TASK DIRECTIONS = Transcribe each line of the records below exactly, excluding any embedded images.
··· DATA RECORDS ···
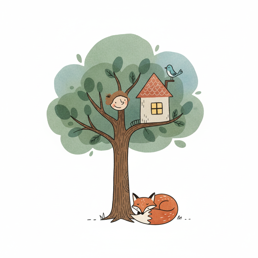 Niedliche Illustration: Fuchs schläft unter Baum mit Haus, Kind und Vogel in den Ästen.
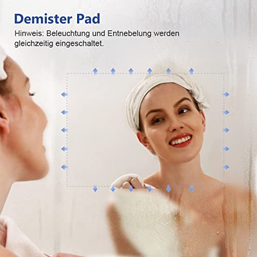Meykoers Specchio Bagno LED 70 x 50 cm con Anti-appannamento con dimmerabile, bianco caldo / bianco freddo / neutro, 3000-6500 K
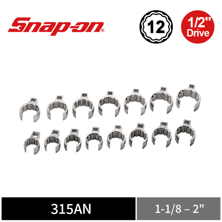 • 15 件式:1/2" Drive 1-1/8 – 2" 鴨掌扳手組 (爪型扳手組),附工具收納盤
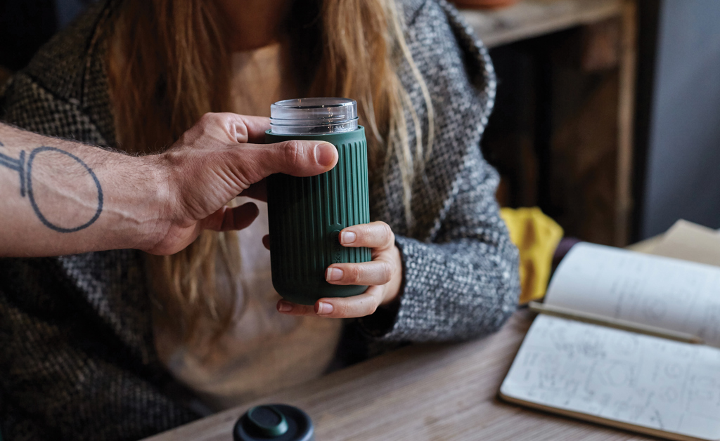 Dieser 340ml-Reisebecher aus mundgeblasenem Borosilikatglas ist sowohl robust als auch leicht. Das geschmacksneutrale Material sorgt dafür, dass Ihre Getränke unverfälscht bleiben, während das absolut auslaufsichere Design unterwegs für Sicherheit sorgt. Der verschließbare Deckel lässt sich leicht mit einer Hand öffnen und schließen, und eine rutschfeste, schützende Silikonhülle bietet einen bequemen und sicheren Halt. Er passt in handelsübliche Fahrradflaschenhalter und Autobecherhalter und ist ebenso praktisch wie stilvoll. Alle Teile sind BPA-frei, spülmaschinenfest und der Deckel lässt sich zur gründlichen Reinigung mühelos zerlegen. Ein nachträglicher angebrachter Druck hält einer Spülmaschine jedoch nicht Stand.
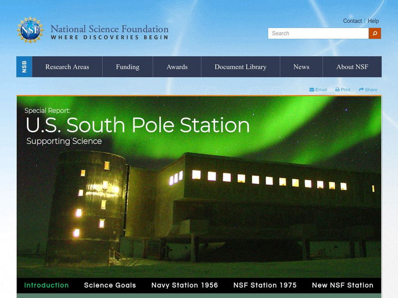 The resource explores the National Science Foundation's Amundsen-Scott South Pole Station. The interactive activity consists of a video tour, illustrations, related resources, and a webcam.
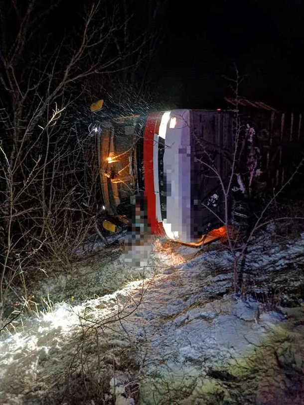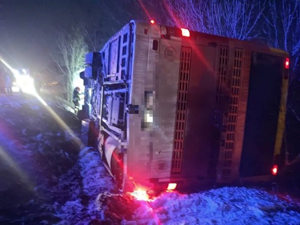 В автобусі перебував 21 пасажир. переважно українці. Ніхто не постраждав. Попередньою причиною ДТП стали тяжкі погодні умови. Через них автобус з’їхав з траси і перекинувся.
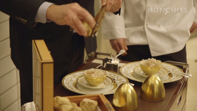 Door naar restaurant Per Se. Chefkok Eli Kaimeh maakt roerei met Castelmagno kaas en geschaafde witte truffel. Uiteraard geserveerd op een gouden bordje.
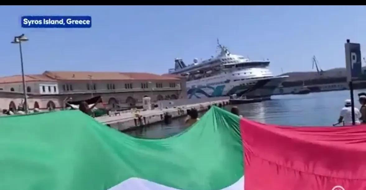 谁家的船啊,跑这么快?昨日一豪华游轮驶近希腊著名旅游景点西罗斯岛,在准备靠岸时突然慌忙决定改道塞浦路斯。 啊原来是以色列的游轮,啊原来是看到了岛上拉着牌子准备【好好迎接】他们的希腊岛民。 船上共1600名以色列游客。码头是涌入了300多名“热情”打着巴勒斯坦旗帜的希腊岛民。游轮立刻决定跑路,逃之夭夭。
···
EXERCISE OUTPUT =
 Niedliche Illustration: Fuchs schläft unter Baum mit Haus, Kind und Vogel in den Ästen.
Meykoers Specchio Bagno LED 70 x 50 cm con Anti-appannamento con dimmerabile, bianco caldo / bianco freddo / neutro, 3000-6500 K
 • 15 件式:1/2" Drive 1-1/8 – 2" 鴨掌扳手組 (爪型扳手組),附工具收納盤
 Dieser 340ml-Reisebecher aus mundgeblasenem Borosilikatglas ist sowohl robust als auch leicht. Das geschmacksneutrale Material sorgt dafür, dass Ihre Getränke unverfälscht bleiben, während das absolut auslaufsichere Design unterwegs für Sicherheit sorgt. Der verschließbare Deckel lässt sich leicht mit einer Hand öffnen und schließen, und eine rutschfeste, schützende Silikonhülle bietet einen bequemen und sicheren Halt. Er passt in handelsübliche Fahrradflaschenhalter und Autobecherhalter und ist ebenso praktisch wie stilvoll. Alle Teile sind BPA-frei, spülmaschinenfest und der Deckel lässt sich zur gründlichen Reinigung mühelos zerlegen. Ein nachträglicher angebrachter Druck hält einer Spülmaschine jedoch nicht Stand.
 The resource explores the National Science Foundation's Amundsen-Scott South Pole Station. The interactive activity consists of a video tour, illustrations, related resources, and a webcam.
 В автобусі перебував 21 пасажир. переважно українці. Ніхто не постраждав. Попередньою причиною ДТП стали тяжкі погодні умови. Через них автобус з’їхав з траси і перекинувся.
 Door naar restaurant Per Se. Chefkok Eli Kaimeh maakt roerei met Castelmagno kaas en geschaafde witte truffel. Uiteraard geserveerd op een gouden bordje.
 谁家的船啊,跑这么快?昨日一豪华游轮驶近希腊著名旅游景点西罗斯岛,在准备靠岸时突然慌忙决定改道塞浦路斯。 啊原来是以色列的游轮,啊原来是看到了岛上拉着牌子准备【好好迎接】他们的希腊岛民。 船上共1600名以色列游客。码头是涌入了300多名“热情”打着巴勒斯坦旗帜的希腊岛民。游轮立刻决定跑路,逃之夭夭。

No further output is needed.